Pictures appear among the records below and must be omitted. Repeat exactly the lines from the line with "近年来,pg电子官网工程力学" to the line with "金蘑菇菇 love in raisin大英博物馆/无袖挂脖黑花上衣短裤套装", both included.

Dataset entries
--
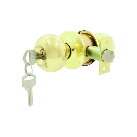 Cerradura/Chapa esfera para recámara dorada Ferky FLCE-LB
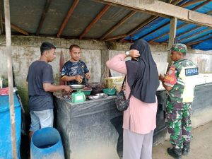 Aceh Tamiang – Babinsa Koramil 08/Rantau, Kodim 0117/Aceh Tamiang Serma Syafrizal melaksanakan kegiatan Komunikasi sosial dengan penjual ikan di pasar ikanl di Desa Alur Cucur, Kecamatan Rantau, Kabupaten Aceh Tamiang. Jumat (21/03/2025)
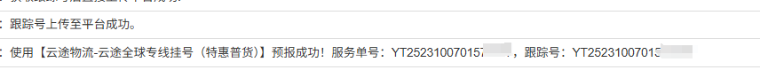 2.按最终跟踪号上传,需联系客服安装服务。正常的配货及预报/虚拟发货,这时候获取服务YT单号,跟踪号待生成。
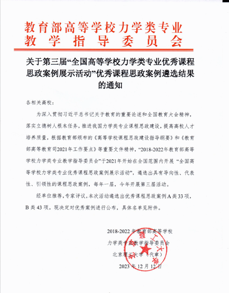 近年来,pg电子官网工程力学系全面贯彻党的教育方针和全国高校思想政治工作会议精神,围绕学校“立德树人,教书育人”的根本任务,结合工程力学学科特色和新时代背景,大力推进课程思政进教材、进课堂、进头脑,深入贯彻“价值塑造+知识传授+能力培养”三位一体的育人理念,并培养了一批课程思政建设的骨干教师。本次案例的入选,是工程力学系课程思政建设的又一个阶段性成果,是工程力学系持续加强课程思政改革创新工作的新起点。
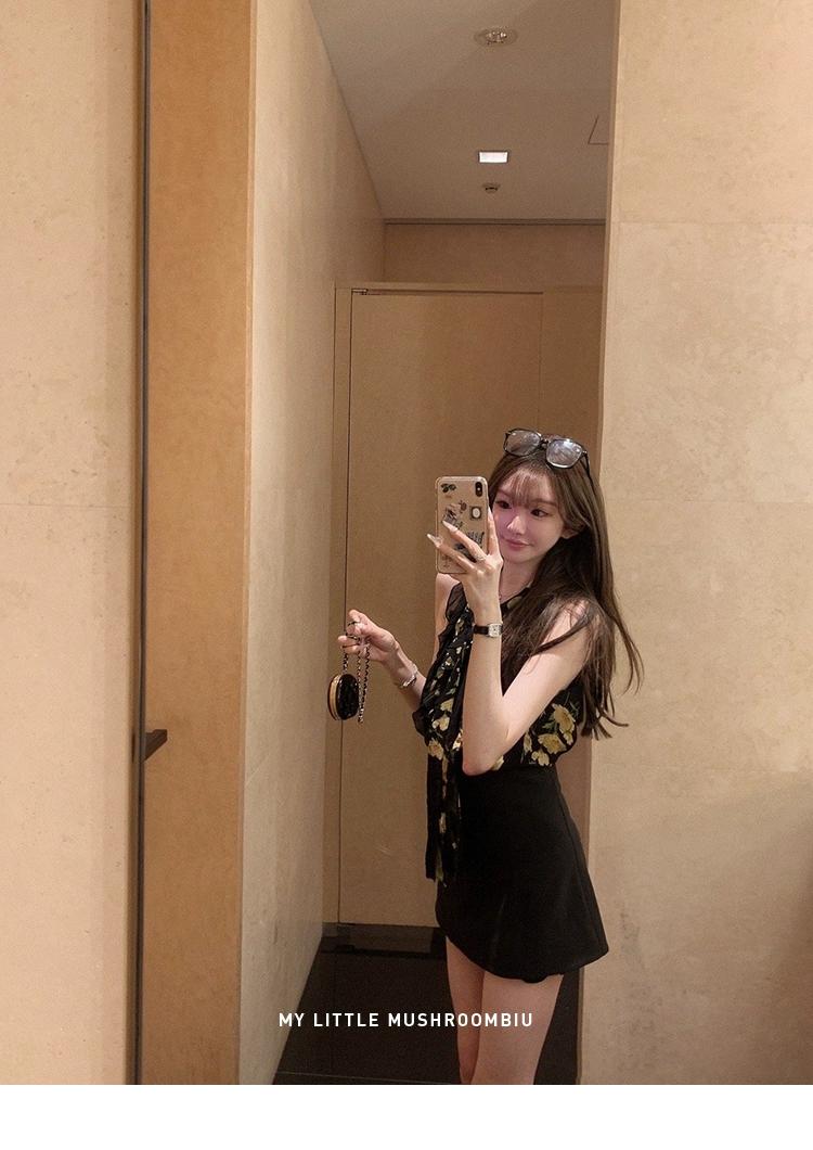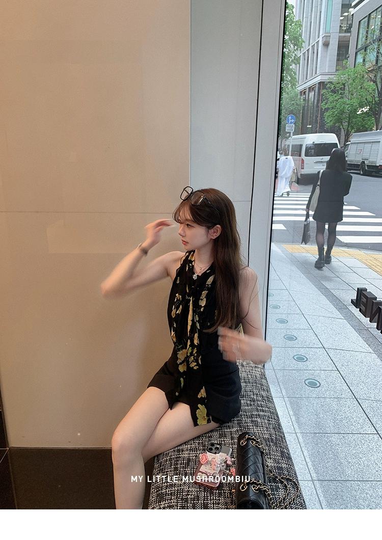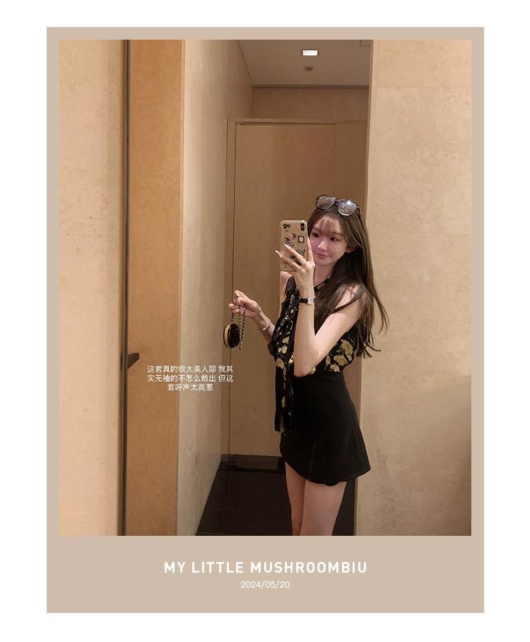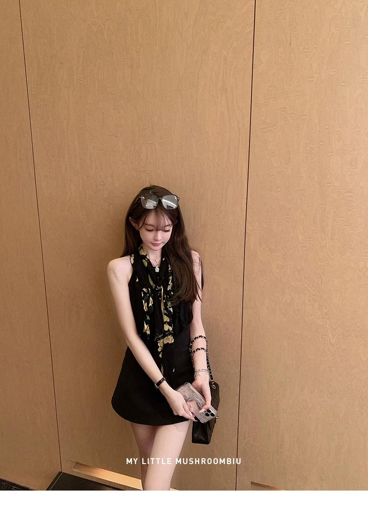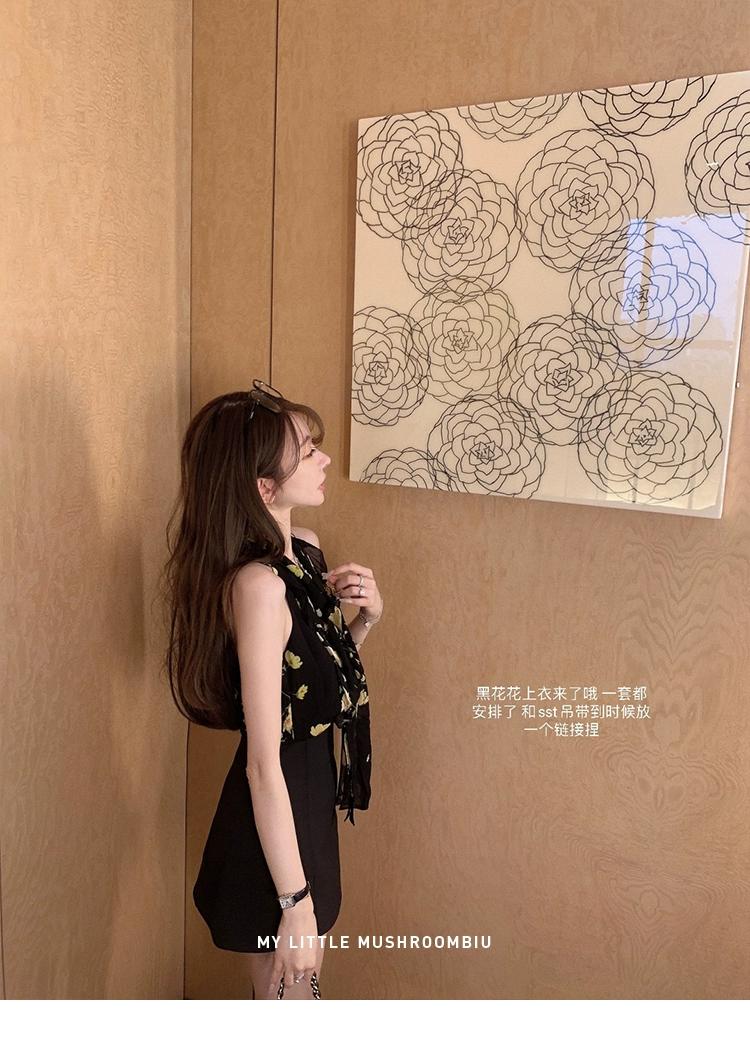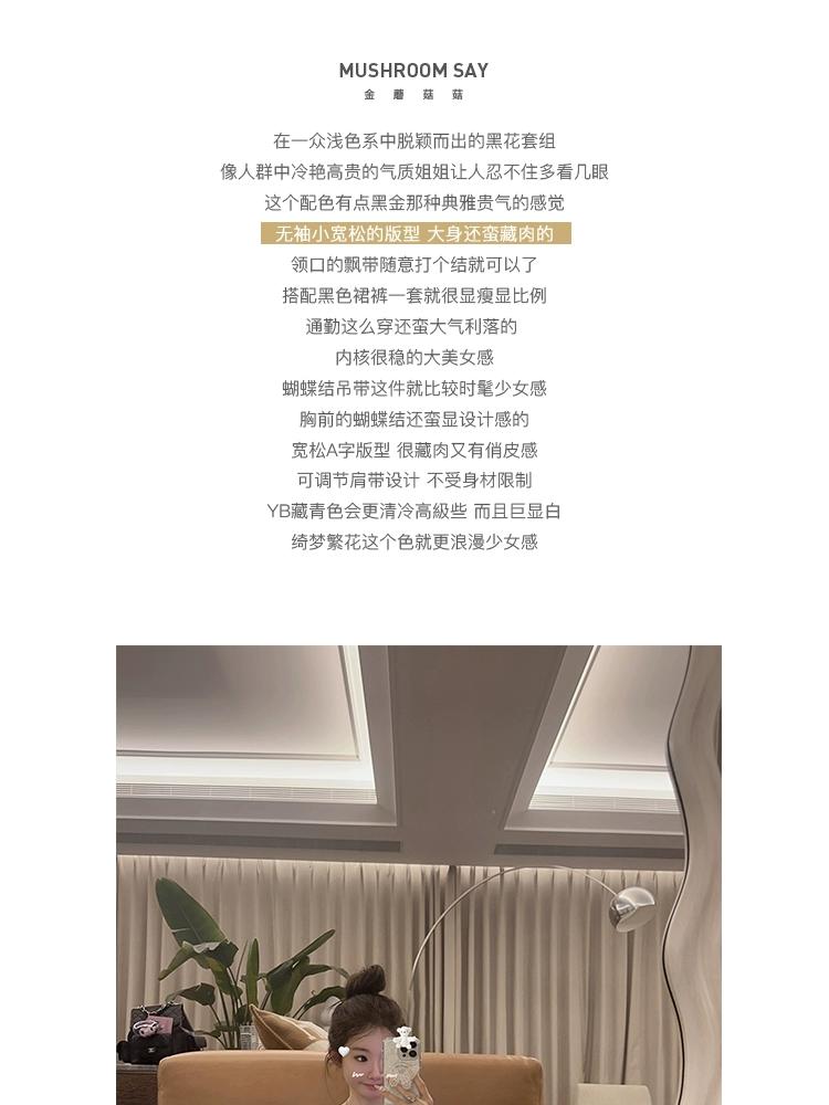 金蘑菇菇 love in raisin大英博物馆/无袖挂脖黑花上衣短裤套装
--
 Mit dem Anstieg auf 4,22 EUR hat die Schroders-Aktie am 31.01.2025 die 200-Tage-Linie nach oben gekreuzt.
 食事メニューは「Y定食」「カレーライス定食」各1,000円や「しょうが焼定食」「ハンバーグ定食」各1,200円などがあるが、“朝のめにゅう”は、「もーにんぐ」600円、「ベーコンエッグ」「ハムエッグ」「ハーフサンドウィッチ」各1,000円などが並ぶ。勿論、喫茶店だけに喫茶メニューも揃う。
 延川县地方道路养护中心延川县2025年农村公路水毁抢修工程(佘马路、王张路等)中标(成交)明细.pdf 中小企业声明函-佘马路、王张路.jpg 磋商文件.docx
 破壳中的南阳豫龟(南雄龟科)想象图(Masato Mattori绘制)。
--
Expected answer
 近年来,pg电子官网工程力学系全面贯彻党的教育方针和全国高校思想政治工作会议精神,围绕学校“立德树人,教书育人”的根本任务,结合工程力学学科特色和新时代背景,大力推进课程思政进教材、进课堂、进头脑,深入贯彻“价值塑造+知识传授+能力培养”三位一体的育人理念,并培养了一批课程思政建设的骨干教师。本次案例的入选,是工程力学系课程思政建设的又一个阶段性成果,是工程力学系持续加强课程思政改革创新工作的新起点。
 金蘑菇菇 love in raisin大英博物馆/无袖挂脖黑花上衣短裤套装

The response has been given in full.